HOW TO COMPLETE THIS TASK: Omit the pictures and return exactly the stretch of the material below from the line with "- 3 przewody" through the line with "요소만 같으면 True".

** Opening EXTRACTED DATA block **

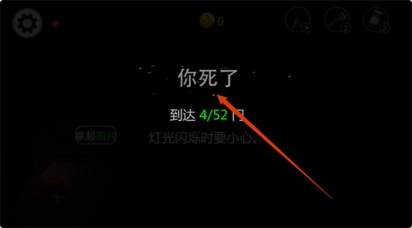 4、若出现【你死了】提示,总结经验,后续在灯光闪烁时提高警惕,调整策略以顺利通过更多房间。
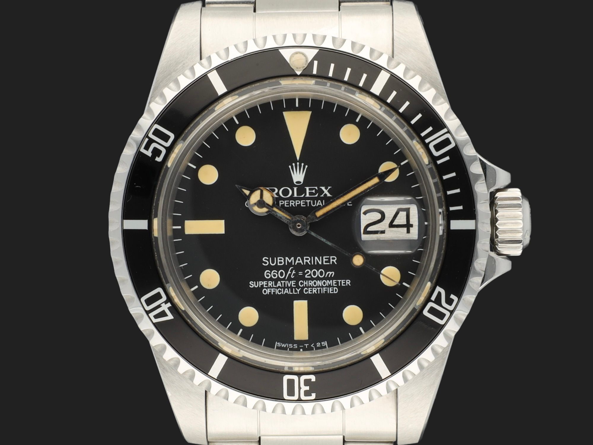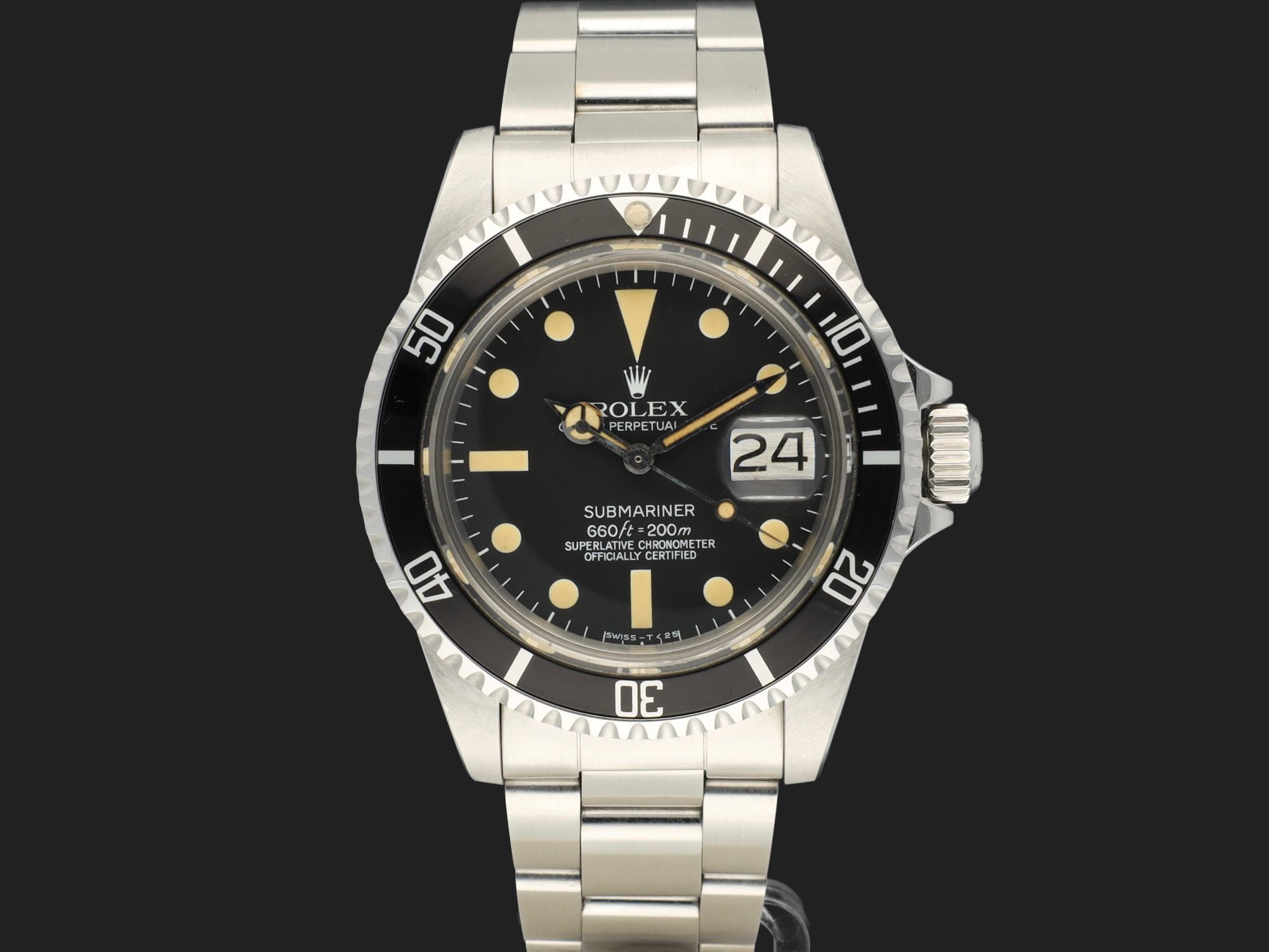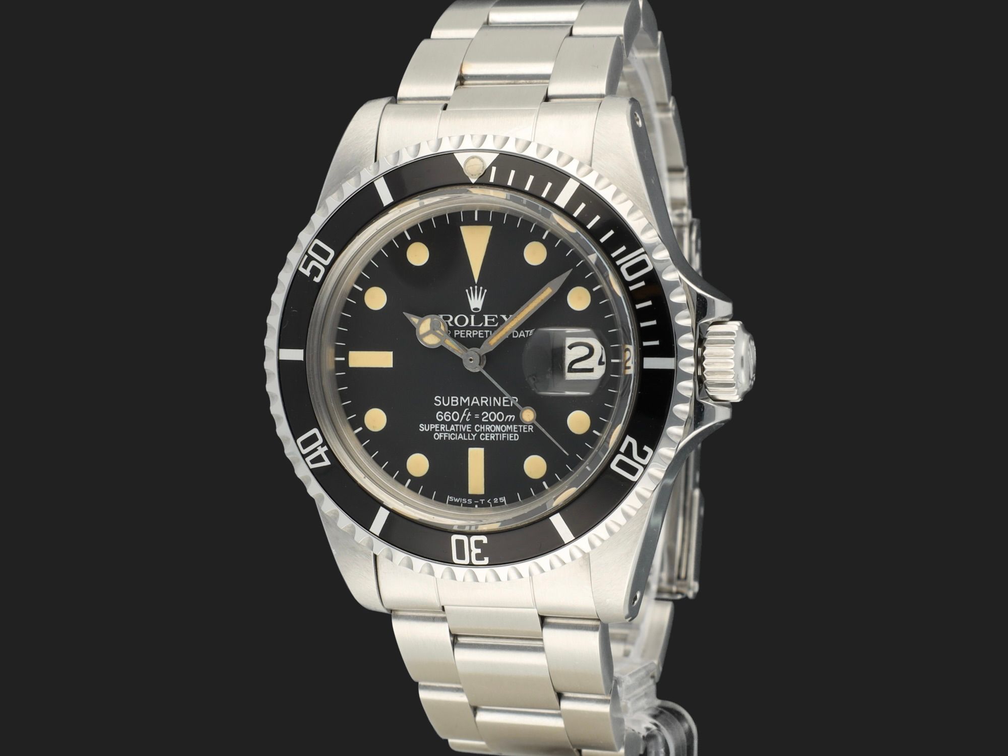 A matte Rolex Submariner 1680 Date with a beautiful MK2 dial, featuring creamy patinated hour markers and a matching set of hands.Silver date disc, fantastic unpolished case with original facet edges and brushing.
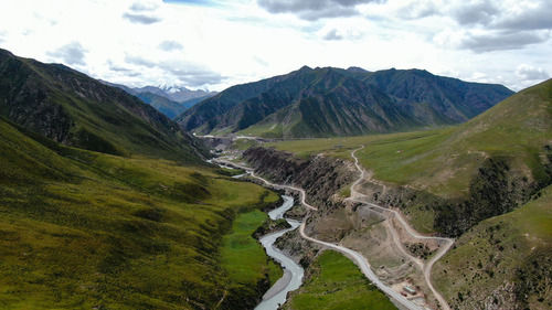 青海省果洛藏族自治州瑪沁縣雪山鄉(xiāng)陰柯河村周邊草場,遠處可看到阿尼瑪卿雪山一角(8月20日攝,無人機照片)。新華社記者 張龍 攝
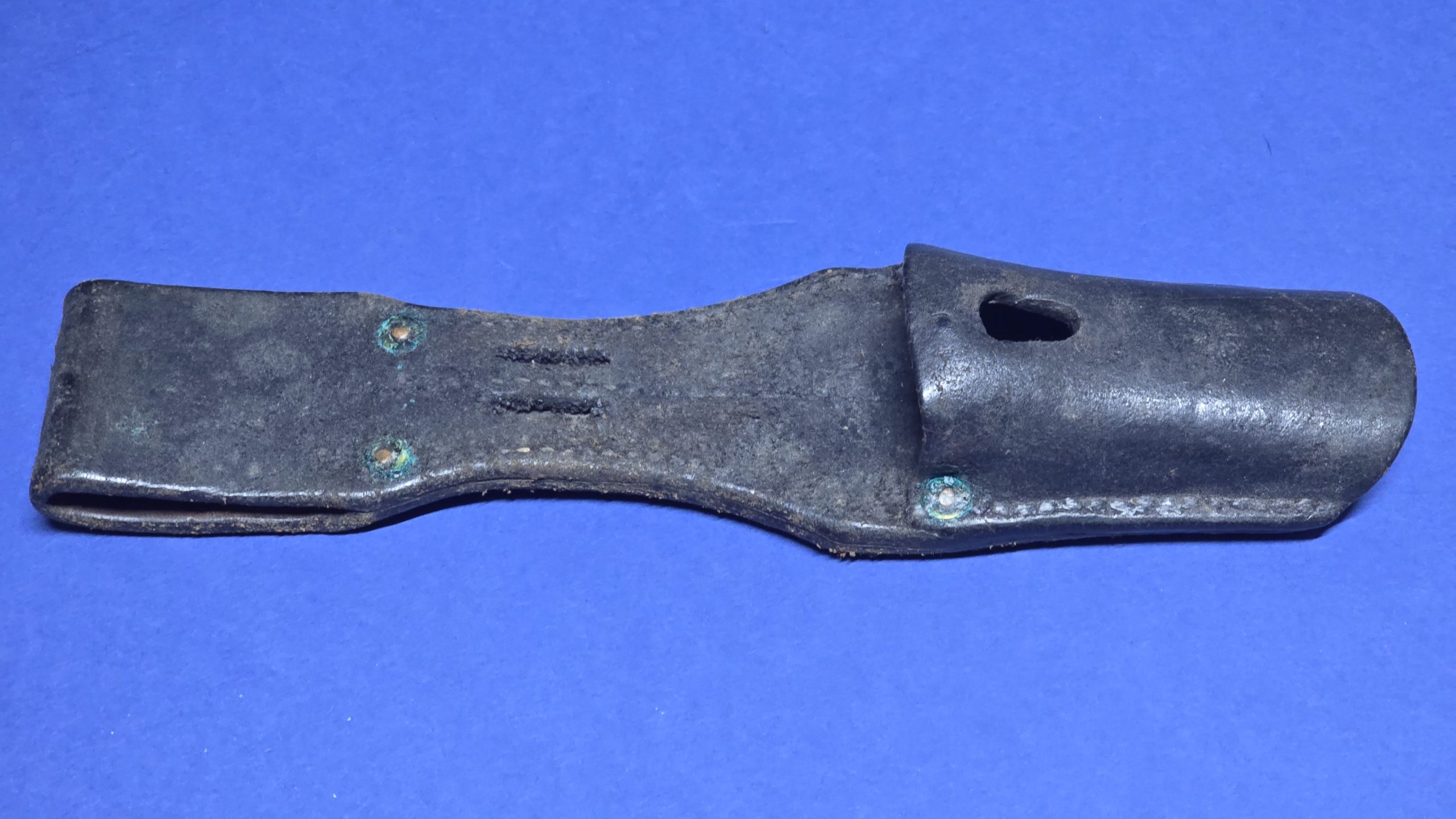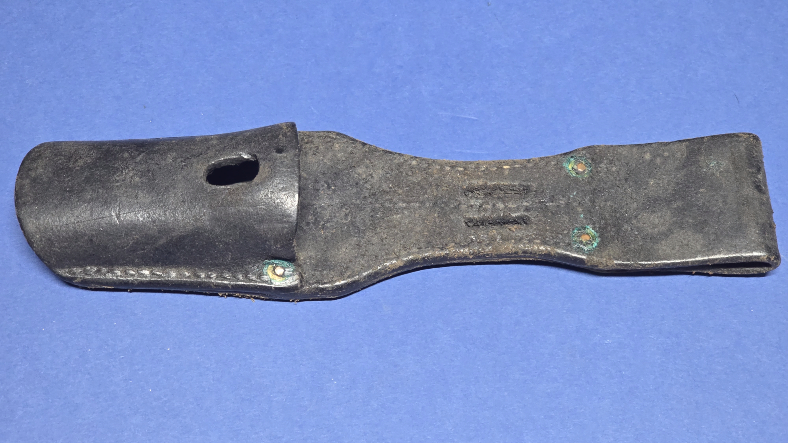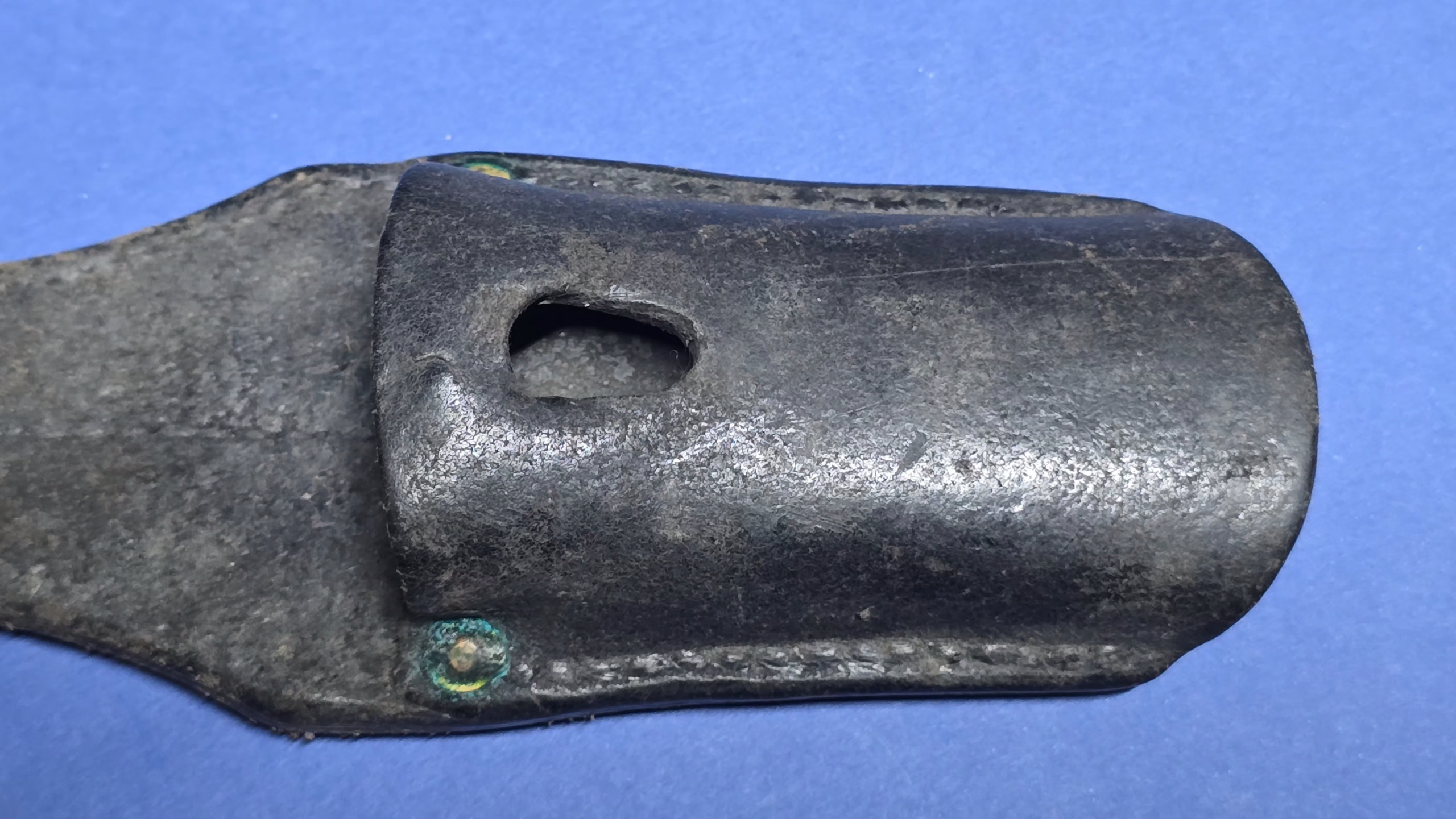 The leather remains firm and retains a good overall shape. There is clear wear to the rear face, consistent with service use, but no structural failure. All stitching is present, intact, and secure. The front face, particularly around the scabbard lug slot, remains in very good condition and presents well — this being the most visible area when mounted.
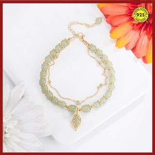 Vòng Tay Chuỗi Đôi Phối Đá Ngọc Bích Thiết Kế Cao Cấp Không Thấm Nước Phong Cách Retro Thanh Lịch
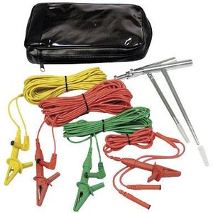 - 3 przewody pomiarowe z zaciskami krokodylkowymi (20 m czerwony, 10 m żółty, 5 m zielony)
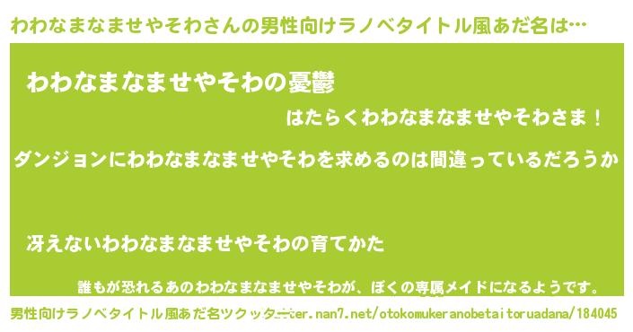 | 女子向けラノベタイトル風あだ名 | 『わわなまなませやそわの卵を拾いまして』 |
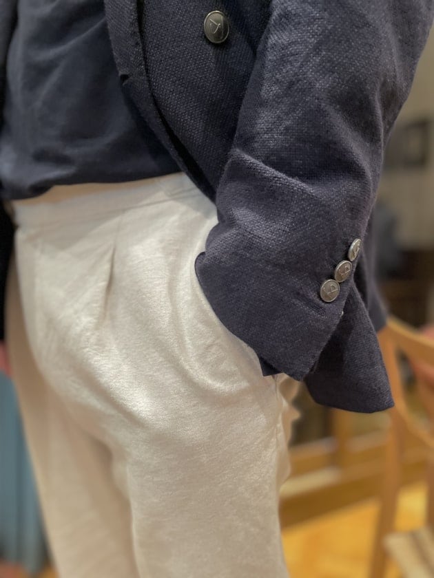 パンツも昔のらしいですが、オフホワイトのリネン素材。
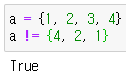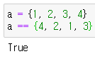 : 세트는 요소의 순서가 정해져 있지 않으므로 각 요소만 같으면 True
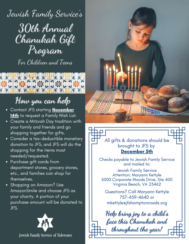 Although JFS knows that Chanukah may or may not be a time where gifts are exchanged in every family, JFS hopes that students and their families will want to support this annual gift drive and reach out to those in need. Please call Debbie Mayer or Maryann Kettyle at JFS with any questions: (757) 459-4640.
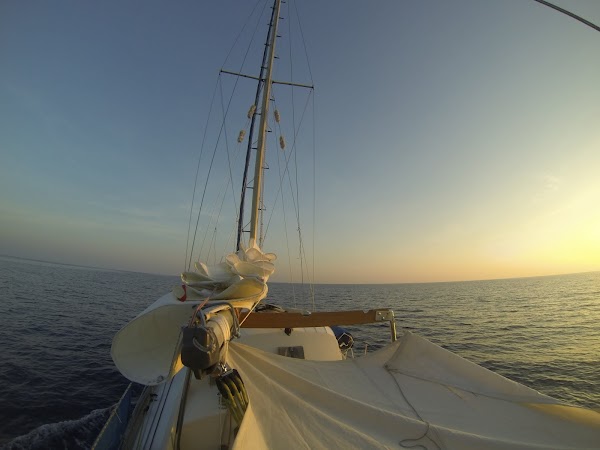 Blížil se čas večeře, a jelikož jsme žádnou rybu nechytli, Janička uvařila rajčatové rizoto, které stejně měla v plánu. Jak dovařila, chcípnul motor. Trochu jsme si povzdechli, ale jinak jsme byli v celku klidní, protože bylo jasné, že to je přívod paliva. Nejspíš se tam někde dostává vzduch. Ukázalo se, že těsnění prvního filtru se separátorem vody má blbý ó-kroužek, kolem kterého do hadičky proniká vzduch. Znovu jsme to sestavili a běželo to bez zaškytání až do teď. Janička spí, ale utichlý motor jí samozřejmě probudil. Nechal jsem jí dál spát a motor znovu pustil. Trochu zaškytal a pak se pěkně rozeběhl. Zdá se, že už se trochu zvedl vítr. Zatím nic moc, ale přeci jsem šel vytáhnout háčkovací genu, která nám přidala skoro půl uzle. Jestli motor opět chcípne, budeme pokračovat pod plachtami a filr zkusíme opravit za světla. Máme ještě jeden náhradní, sice bez skleněné vaničky, kde je dobře vidět profiltrovaný sajrajt, ale to není zas tak důležité.

** Closing EXTRACTED DATA block **

SOLUTION TO THE EXERCISE:
 - 3 przewody pomiarowe z zaciskami krokodylkowymi (20 m czerwony, 10 m żółty, 5 m zielony)
 | 女子向けラノベタイトル風あだ名 | 『わわなまなませやそわの卵を拾いまして』 |
 パンツも昔のらしいですが、オフホワイトのリネン素材。
 : 세트는 요소의 순서가 정해져 있지 않으므로 각 요소만 같으면 True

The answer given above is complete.